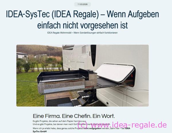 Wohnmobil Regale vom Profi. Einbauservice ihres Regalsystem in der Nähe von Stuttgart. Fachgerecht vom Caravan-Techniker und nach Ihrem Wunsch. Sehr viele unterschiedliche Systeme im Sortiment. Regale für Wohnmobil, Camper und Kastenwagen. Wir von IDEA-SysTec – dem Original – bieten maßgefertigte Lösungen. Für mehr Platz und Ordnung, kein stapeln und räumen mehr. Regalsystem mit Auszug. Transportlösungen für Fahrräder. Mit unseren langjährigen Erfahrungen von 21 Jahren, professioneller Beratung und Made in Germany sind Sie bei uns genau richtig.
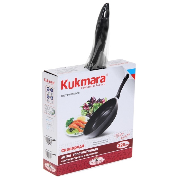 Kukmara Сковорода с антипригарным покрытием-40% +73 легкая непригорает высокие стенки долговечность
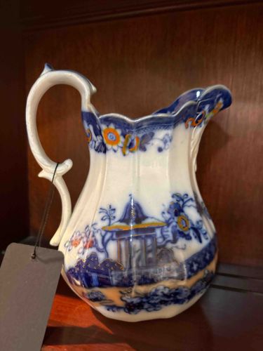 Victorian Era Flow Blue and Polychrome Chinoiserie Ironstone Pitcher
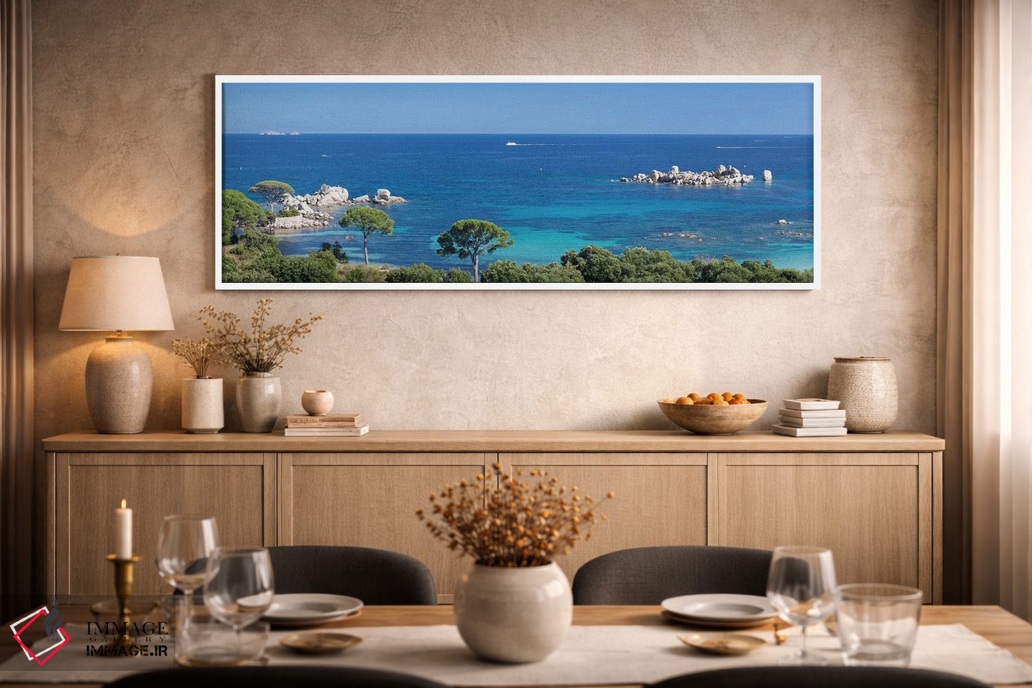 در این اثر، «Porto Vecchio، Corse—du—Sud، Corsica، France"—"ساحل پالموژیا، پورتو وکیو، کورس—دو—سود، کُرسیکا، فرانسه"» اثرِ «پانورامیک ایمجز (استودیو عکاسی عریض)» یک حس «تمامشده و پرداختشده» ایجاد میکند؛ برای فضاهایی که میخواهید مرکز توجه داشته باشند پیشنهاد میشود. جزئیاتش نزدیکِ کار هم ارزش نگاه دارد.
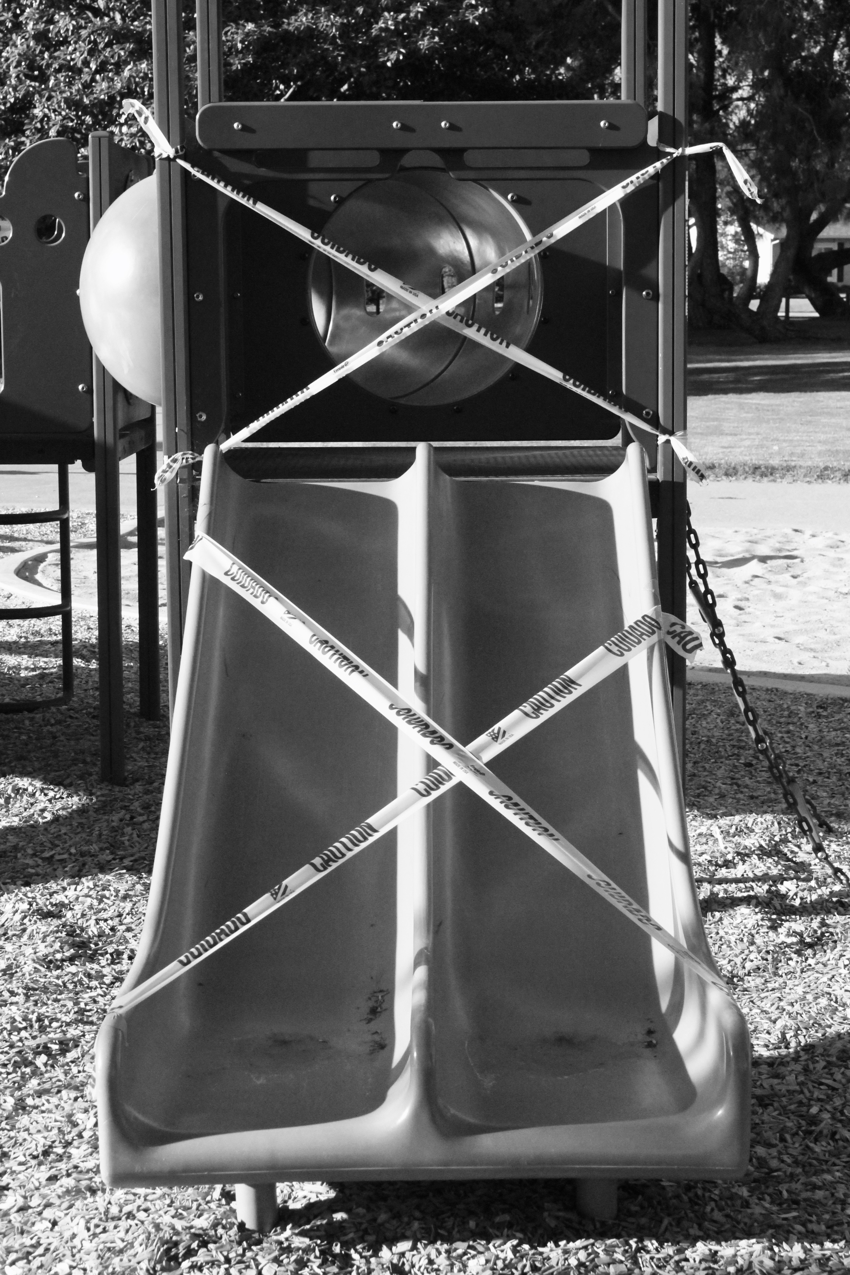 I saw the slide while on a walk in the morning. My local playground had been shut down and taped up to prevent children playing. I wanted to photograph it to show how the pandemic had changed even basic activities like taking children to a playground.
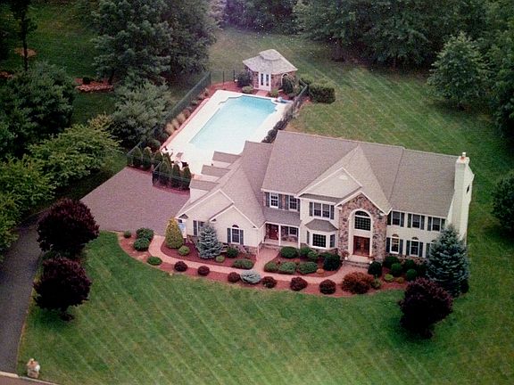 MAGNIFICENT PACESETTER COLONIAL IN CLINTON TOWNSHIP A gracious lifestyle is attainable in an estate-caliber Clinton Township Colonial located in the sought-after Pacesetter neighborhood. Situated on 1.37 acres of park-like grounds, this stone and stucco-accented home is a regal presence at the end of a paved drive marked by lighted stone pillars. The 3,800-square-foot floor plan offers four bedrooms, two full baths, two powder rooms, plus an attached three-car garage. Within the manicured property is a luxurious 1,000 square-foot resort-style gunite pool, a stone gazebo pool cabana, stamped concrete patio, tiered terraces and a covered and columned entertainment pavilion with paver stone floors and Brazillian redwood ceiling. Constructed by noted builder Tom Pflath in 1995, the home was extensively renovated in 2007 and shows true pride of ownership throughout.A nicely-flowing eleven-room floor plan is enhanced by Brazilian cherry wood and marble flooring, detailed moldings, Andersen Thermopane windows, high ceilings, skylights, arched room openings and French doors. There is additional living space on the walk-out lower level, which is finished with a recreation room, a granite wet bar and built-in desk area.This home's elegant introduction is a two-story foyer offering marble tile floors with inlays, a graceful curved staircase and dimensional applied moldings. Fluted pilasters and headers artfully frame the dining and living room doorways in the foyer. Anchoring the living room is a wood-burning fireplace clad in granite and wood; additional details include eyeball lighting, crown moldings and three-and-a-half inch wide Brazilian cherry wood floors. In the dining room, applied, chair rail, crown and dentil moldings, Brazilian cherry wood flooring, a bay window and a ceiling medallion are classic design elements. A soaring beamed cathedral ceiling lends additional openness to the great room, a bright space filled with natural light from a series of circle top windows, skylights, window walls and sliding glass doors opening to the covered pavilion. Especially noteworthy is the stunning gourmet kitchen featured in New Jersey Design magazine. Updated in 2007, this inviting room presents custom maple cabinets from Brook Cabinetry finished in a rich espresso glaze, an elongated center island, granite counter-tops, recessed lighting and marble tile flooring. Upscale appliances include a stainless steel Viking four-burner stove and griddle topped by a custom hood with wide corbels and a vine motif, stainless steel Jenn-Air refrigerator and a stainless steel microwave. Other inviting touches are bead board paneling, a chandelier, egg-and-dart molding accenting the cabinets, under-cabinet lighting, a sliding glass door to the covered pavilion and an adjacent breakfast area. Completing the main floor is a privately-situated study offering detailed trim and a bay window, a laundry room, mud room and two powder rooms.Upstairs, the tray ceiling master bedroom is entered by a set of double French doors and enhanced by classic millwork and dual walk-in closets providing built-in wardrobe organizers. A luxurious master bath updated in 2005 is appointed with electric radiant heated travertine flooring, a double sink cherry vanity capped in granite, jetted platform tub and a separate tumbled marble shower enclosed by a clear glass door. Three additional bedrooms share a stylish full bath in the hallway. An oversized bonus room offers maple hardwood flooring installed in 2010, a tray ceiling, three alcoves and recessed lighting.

----

▶ **Problem details**
Except for the pictures, the whole listing above should be transcribed exactly.

▶ **Response to this task**
 Wohnmobil Regale vom Profi. Einbauservice ihres Regalsystem in der Nähe von Stuttgart. Fachgerecht vom Caravan-Techniker und nach Ihrem Wunsch. Sehr viele unterschiedliche Systeme im Sortiment. Regale für Wohnmobil, Camper und Kastenwagen. Wir von IDEA-SysTec – dem Original – bieten maßgefertigte Lösungen. Für mehr Platz und Ordnung, kein stapeln und räumen mehr. Regalsystem mit Auszug. Transportlösungen für Fahrräder. Mit unseren langjährigen Erfahrungen von 21 Jahren, professioneller Beratung und Made in Germany sind Sie bei uns genau richtig.
 Kukmara Сковорода с антипригарным покрытием-40% +73 легкая непригорает высокие стенки долговечность
 Victorian Era Flow Blue and Polychrome Chinoiserie Ironstone Pitcher
 در این اثر، «Porto Vecchio، Corse—du—Sud، Corsica، France"—"ساحل پالموژیا، پورتو وکیو، کورس—دو—سود، کُرسیکا، فرانسه"» اثرِ «پانورامیک ایمجز (استودیو عکاسی عریض)» یک حس «تمامشده و پرداختشده» ایجاد میکند؛ برای فضاهایی که میخواهید مرکز توجه داشته باشند پیشنهاد میشود. جزئیاتش نزدیکِ کار هم ارزش نگاه دارد.
 I saw the slide while on a walk in the morning. My local playground had been shut down and taped up to prevent children playing. I wanted to photograph it to show how the pandemic had changed even basic activities like taking children to a playground.
 MAGNIFICENT PACESETTER COLONIAL IN CLINTON TOWNSHIP A gracious lifestyle is attainable in an estate-caliber Clinton Township Colonial located in the sought-after Pacesetter neighborhood. Situated on 1.37 acres of park-like grounds, this stone and stucco-accented home is a regal presence at the end of a paved drive marked by lighted stone pillars. The 3,800-square-foot floor plan offers four bedrooms, two full baths, two powder rooms, plus an attached three-car garage. Within the manicured property is a luxurious 1,000 square-foot resort-style gunite pool, a stone gazebo pool cabana, stamped concrete patio, tiered terraces and a covered and columned entertainment pavilion with paver stone floors and Brazillian redwood ceiling. Constructed by noted builder Tom Pflath in 1995, the home was extensively renovated in 2007 and shows true pride of ownership throughout.A nicely-flowing eleven-room floor plan is enhanced by Brazilian cherry wood and marble flooring, detailed moldings, Andersen Thermopane windows, high ceilings, skylights, arched room openings and French doors. There is additional living space on the walk-out lower level, which is finished with a recreation room, a granite wet bar and built-in desk area.This home's elegant introduction is a two-story foyer offering marble tile floors with inlays, a graceful curved staircase and dimensional applied moldings. Fluted pilasters and headers artfully frame the dining and living room doorways in the foyer. Anchoring the living room is a wood-burning fireplace clad in granite and wood; additional details include eyeball lighting, crown moldings and three-and-a-half inch wide Brazilian cherry wood floors. In the dining room, applied, chair rail, crown and dentil moldings, Brazilian cherry wood flooring, a bay window and a ceiling medallion are classic design elements. A soaring beamed cathedral ceiling lends additional openness to the great room, a bright space filled with natural light from a series of circle top windows, skylights, window walls and sliding glass doors opening to the covered pavilion. Especially noteworthy is the stunning gourmet kitchen featured in New Jersey Design magazine. Updated in 2007, this inviting room presents custom maple cabinets from Brook Cabinetry finished in a rich espresso glaze, an elongated center island, granite counter-tops, recessed lighting and marble tile flooring. Upscale appliances include a stainless steel Viking four-burner stove and griddle topped by a custom hood with wide corbels and a vine motif, stainless steel Jenn-Air refrigerator and a stainless steel microwave. Other inviting touches are bead board paneling, a chandelier, egg-and-dart molding accenting the cabinets, under-cabinet lighting, a sliding glass door to the covered pavilion and an adjacent breakfast area. Completing the main floor is a privately-situated study offering detailed trim and a bay window, a laundry room, mud room and two powder rooms.Upstairs, the tray ceiling master bedroom is entered by a set of double French doors and enhanced by classic millwork and dual walk-in closets providing built-in wardrobe organizers. A luxurious master bath updated in 2005 is appointed with electric radiant heated travertine flooring, a double sink cherry vanity capped in granite, jetted platform tub and a separate tumbled marble shower enclosed by a clear glass door. Three additional bedrooms share a stylish full bath in the hallway. An oversized bonus room offers maple hardwood flooring installed in 2010, a tray ceiling, three alcoves and recessed lighting.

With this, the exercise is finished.